=== Begin Enclosure ===
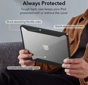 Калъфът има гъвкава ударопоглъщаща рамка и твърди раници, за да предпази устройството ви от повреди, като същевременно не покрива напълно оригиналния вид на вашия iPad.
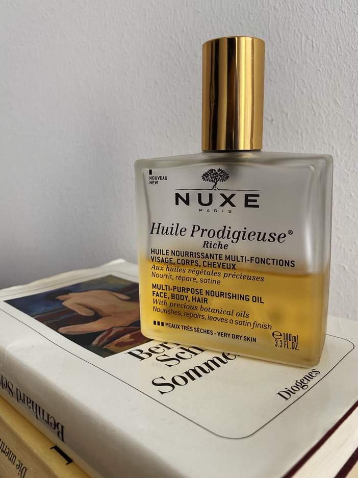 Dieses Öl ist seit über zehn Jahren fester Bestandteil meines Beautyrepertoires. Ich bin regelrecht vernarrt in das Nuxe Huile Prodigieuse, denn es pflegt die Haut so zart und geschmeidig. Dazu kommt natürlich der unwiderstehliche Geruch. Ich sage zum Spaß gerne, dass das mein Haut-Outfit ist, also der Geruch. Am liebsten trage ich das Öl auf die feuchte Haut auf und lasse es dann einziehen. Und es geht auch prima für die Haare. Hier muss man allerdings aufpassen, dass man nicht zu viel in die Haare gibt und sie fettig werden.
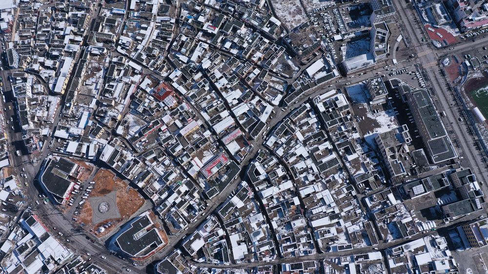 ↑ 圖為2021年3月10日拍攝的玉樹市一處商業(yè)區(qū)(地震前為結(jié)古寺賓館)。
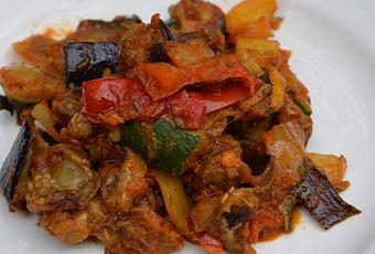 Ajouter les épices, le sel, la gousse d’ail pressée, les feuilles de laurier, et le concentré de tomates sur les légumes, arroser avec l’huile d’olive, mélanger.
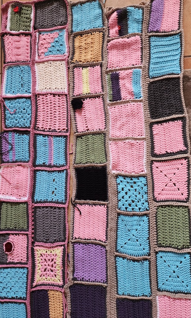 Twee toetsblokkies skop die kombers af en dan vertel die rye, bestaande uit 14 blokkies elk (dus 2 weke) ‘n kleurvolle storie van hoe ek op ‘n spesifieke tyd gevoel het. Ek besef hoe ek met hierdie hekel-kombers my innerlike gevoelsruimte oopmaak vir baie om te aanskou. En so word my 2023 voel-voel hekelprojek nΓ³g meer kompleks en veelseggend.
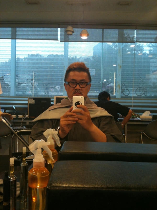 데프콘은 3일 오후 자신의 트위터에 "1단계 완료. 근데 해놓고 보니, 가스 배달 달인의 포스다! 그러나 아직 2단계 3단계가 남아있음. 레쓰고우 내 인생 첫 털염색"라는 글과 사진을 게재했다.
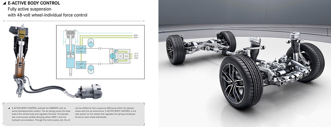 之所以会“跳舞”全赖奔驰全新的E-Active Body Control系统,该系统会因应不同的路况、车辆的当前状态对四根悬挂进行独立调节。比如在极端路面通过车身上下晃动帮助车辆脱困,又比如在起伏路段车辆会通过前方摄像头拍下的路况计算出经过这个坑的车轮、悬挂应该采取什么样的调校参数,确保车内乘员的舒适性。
=== End Enclosure ===
=== Begin Enclosure ===
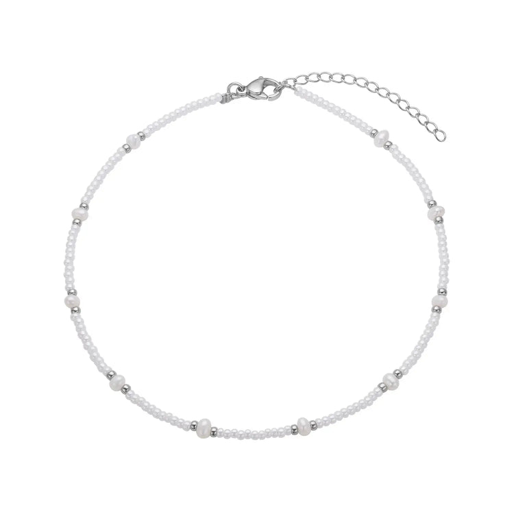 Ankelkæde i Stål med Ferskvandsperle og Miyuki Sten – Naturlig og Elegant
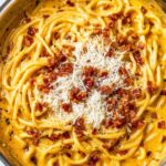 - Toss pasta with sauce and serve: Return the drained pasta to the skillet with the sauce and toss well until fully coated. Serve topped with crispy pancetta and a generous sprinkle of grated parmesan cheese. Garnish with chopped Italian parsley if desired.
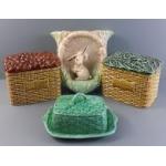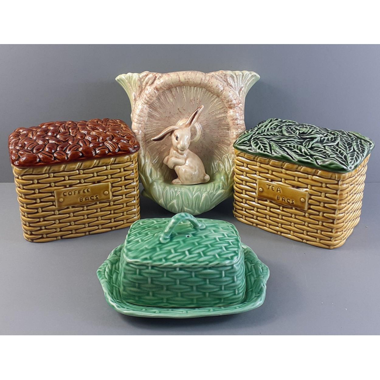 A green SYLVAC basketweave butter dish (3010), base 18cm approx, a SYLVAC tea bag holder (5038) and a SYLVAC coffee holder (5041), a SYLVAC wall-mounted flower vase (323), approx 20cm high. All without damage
=== End Enclosure ===
### TASK PROMPT
Reproduce word for word, with pictures dropped, only the part of the material above that opens with the line containing "Ankelkæde i Stål" and closes with the line containing "A green SYLVAC".

### COMPLETED EXERCISE
 Ankelkæde i Stål med Ferskvandsperle og Miyuki Sten – Naturlig og Elegant
 - Toss pasta with sauce and serve: Return the drained pasta to the skillet with the sauce and toss well until fully coated. Serve topped with crispy pancetta and a generous sprinkle of grated parmesan cheese. Garnish with chopped Italian parsley if desired.
 A green SYLVAC basketweave butter dish (3010), base 18cm approx, a SYLVAC tea bag holder (5038) and a SYLVAC coffee holder (5041), a SYLVAC wall-mounted flower vase (323), approx 20cm high. All without damage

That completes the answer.